A noise awoke me a little past one a.m., the morning of July 7th.  Lyra, lying next to me, looked at me with wide eyes. The squirrels tend to get extra-active at night, sometimes chasing each other across the porch beams and making enough noise to wake a sound sleeper. A louder noise sent me out of bed and across the cabin to peer out the little kitchen window. As I stood on tiptoe to get a good look, the head of a black bear rose up in front of me. The bear was on the far side of a small round table in the middle of the west side of the porch. I moved to the cabin door and got the camera, which hangs on a peg beside it. I heard a crash on the porch and opened the door carefully. A cub and I startled each other and the yearling shinnied up the porch post until it reached the topmost beam. There it sat down on the beam, its front paws wrapped around the post.


The sow, meanwhile, had grabbed the two empty tubs stacked on top of each other against the northwest side of the porch. I store my garbage in the top one during winter, but I stop putting garbage bags in there when the bears come out of their dens in the spring. There must have been a faint lingering odor, however, which mom wanted to investigate. She sent the tubs tumbling and the pots of flowers and lettuce on top of them as well.


When I opened the cabin door and sent the cub climbing up the post, mama bear lunged and darted across the porch just a few feet in front of me, somehow squeezing her bulk between the porch railings. She launched into space and hit the ground running, dashing off into the nearby forest. She left her cub behind, which surprised me. Lyra was behind me, standing in the middle of the cabin and barking. She was not willing to go out onto the porch at all, and I did not blame her. The cub was squalling, obviously unhappy that mom had left it behind. It’s calls sounded very much like it was crying out; “Mom! Maaum!!”


My big Sony camera was not focusing in the low light, so I switched to the little Olympus. After a short while the cub gathered its courage and backed down the post, calling as it went. I switched on the porch light to make a video of the cub, and when its hind feet touched the porch floor, it swung its slender body to the edge of the landing and jumped. The cub landed squarely in my potato patch and ran as fast as its legs could take it in the direction its mama had gone into the forest and where she was no doubt waiting for it.

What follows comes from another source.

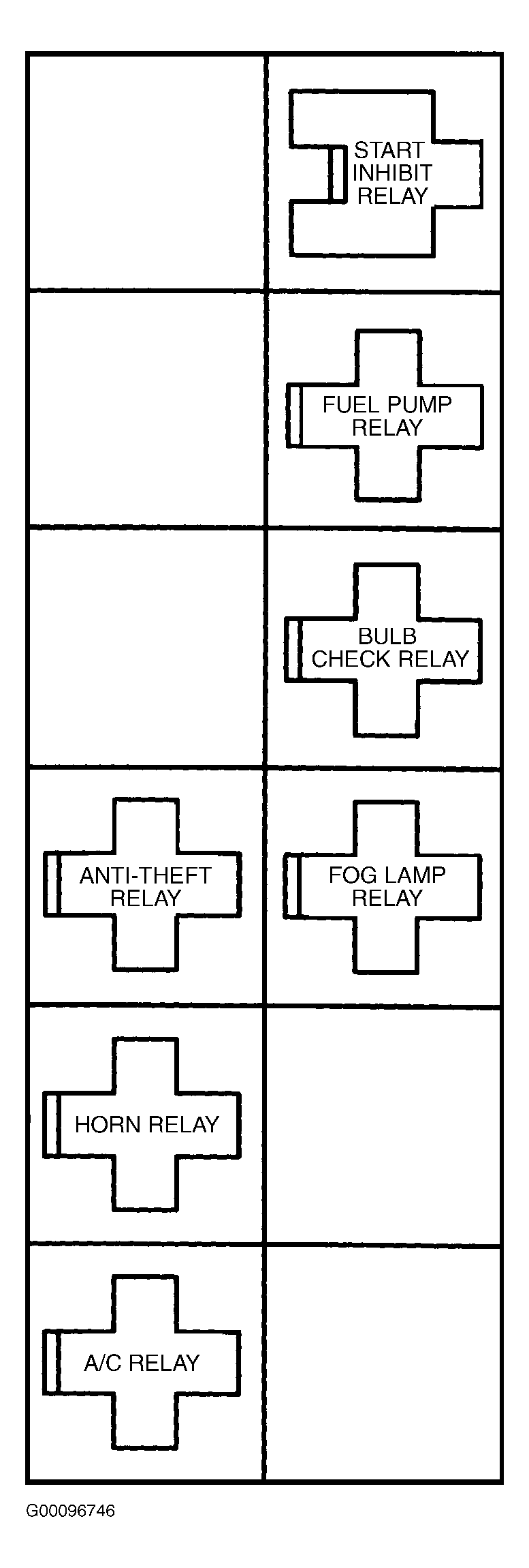 Turn ignition off. Remove A/C relay from left side engine compartment relay block. See Figure. Turn ignition on. Using DVOM, measure voltage between chassis ground and PWR circuit at A/C relay cavity No. 2. See Figure. If voltage is more than 10 volts, go to next step. If voltage is 10 volts or less, repair open in PWR circuit. See WIRING DIAGRAMS in AUTOMATIC A/C-HEATER SYSTEMS - VILLAGER or MANUAL A/C-HEATER SYSTEMS - VILLAGER article. - 2) Perform A/C Relay Click Test

The whole episode had lasted less than ten minutes. As I righted the tubs and replaced the pots of plants on top, I marveled at how such a large animal could maneuver on a porch full of pots and planters, hanging baskets and tables without causing far more damage than she had. The cub had flattened the little fence around the potatoes, but the resilient plants had come through the assault unscathed. Everything I’d heard and read about sows with cubs said that they are very protective of their cubs. I was quite surprised that this sow had run off and left her cub sitting up there on the porch beam, calling for her. Maybe her offspring had done something to tick her off and this was payback. (Ya never know.) It sure seemed unusual that she wouldn’t have stayed by the porch until the cub was down the post and had run to her. I didn’t venture out onto the porch until I was sure both bears were heading well into the forest. Lyra came out with me and I watched her as she sniffed the air. Since she is nervous about bears, I knew she would warn me if the bears were returning. She didn’t bark or growl, so I knew we had probably seen the last of the bears- for that night, anyway. There was nothing to attract them, so they had no reason to make another visit to the cabin. They had been curious, but investigating the tubs had not rewarded them with anything edible. In bear country, that is the most important thing: don’t give a bear a reason to come back.


Lyra and I returned to bed, but we stayed awake for awhile, listening to the summer night. Her head would snap up at every little sound- real or imagined. A few birds sang- a robin, a Swainson’s Thrush. A snipe winnowed overhead. Three mosquitoes hummed outside the net surrounding my bed, seeking entrance. Eventually Lyra settled down and stretched out on her side. She sighed and drifted off to sleep. I wondered if bears would visit her in her dreams. I smiled as I recalled the details of the bear encounter, then joined Lyra in dreamland.